◆ **Task instructions**
Skip every picture while you write out the records below, from the first line through the one that contains "U mast dodajte", both ends kept.

◆ **Provided data**
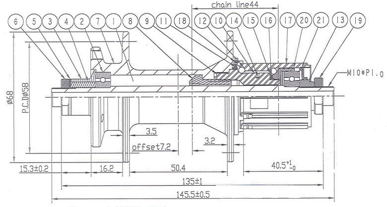 Ořech: ocel Shimano 11S typu S1, s podložkou pro 8/9/10 9rychlostní
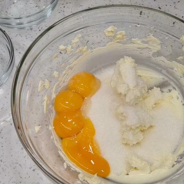 U mast dodajte šećer i dobro umutete. Zatim dodajte žumanca i belance i mutite dok se sve ne sjedini.
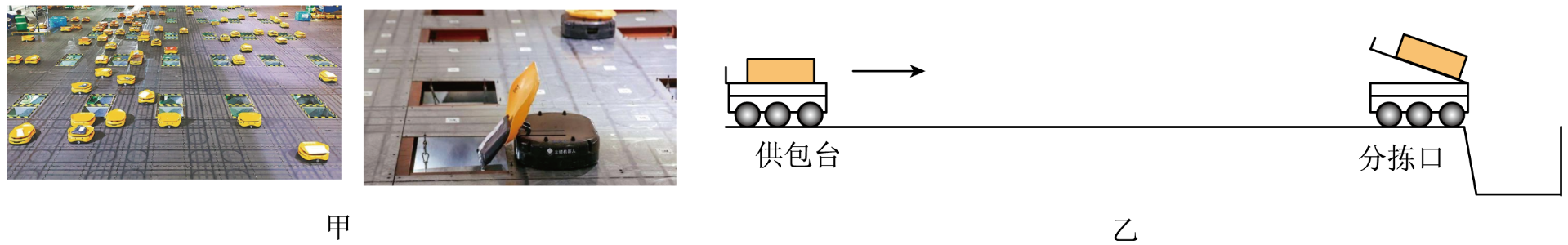 如图甲是物流用机器人运送、投递包裹的场景。简化图如乙所示,工作人员在供包台将包裹放在机器人的水平托盘上,包裹将自动送至方形分拣口,停止运动后缓慢翻起托盘,让包裹滑入投递口。其启动和制动过程可视为匀变速直线运动,抵达分拣口时,速度恰好减为零,翻转托盘倾角缓慢增大,直至包裹下滑,包裹与托盘接触面动摩擦因数为$\dfrac{\sqrt{3}}{3}$,最大静摩擦力近似等于滑动摩擦力,重力加速度$g$大小取$10\;\rm m/s^{2}$。现把质量$m=1\;\rm kg$的包裹从供包台沿直线运至相距$L=6\sqrt{3}\;\rm \text{m}$的分拣口处,在运行过程中包裹与水平托盘保持相对静止。运行最大速度$v=4\;\rm m/s$,机器人运送包裹途中,看作质点。求:
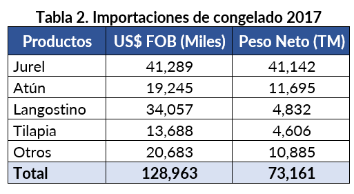 Un rubro clave para las importaciones de productos hidrobiológicos, es el de congelados. En este rubro, la especie más importante, por valor y peso, es el jurel entero congelado (32% proveniente de Chile), seguido por el atún, langostino y tilapia (Tabla 2).
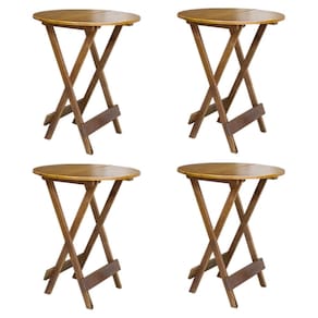 Conjunto com 4 Mesas Bistrô Dobrável em Madeira Maciça - Caramelo - Marrom
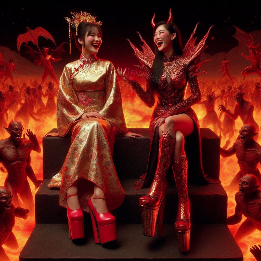 PREVIOUSLY:  Chas is shackled by her ankles with her wrists shackled behind her, blindfolded, and gagged, with her ears plugged.  Esmeray is shackled by the ankles overlooking the sea of devils and demons, restrained from falling down into the chasm they inhabit, only by a waist-high guard rail; while Hong holds her gently from behind, holding hands with her arms around Esmeray.  They are surprised by a new arrival.  NOW:
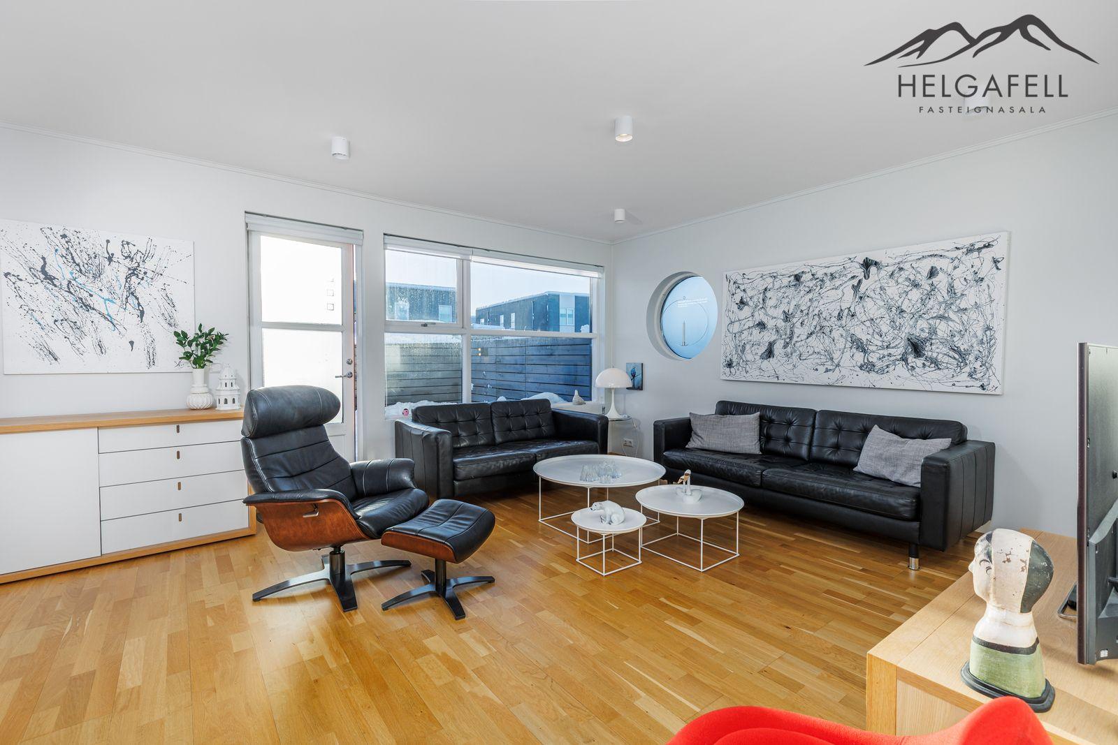 Björt og rúmgóð parketlögð stofa er opin við eldhús. Útgengi á sólpall til suðurs.

◆ **Task answer**
 Ořech: ocel Shimano 11S typu S1, s podložkou pro 8/9/10 9rychlostní
 U mast dodajte šećer i dobro umutete. Zatim dodajte žumanca i belance i mutite dok se sve ne sjedini.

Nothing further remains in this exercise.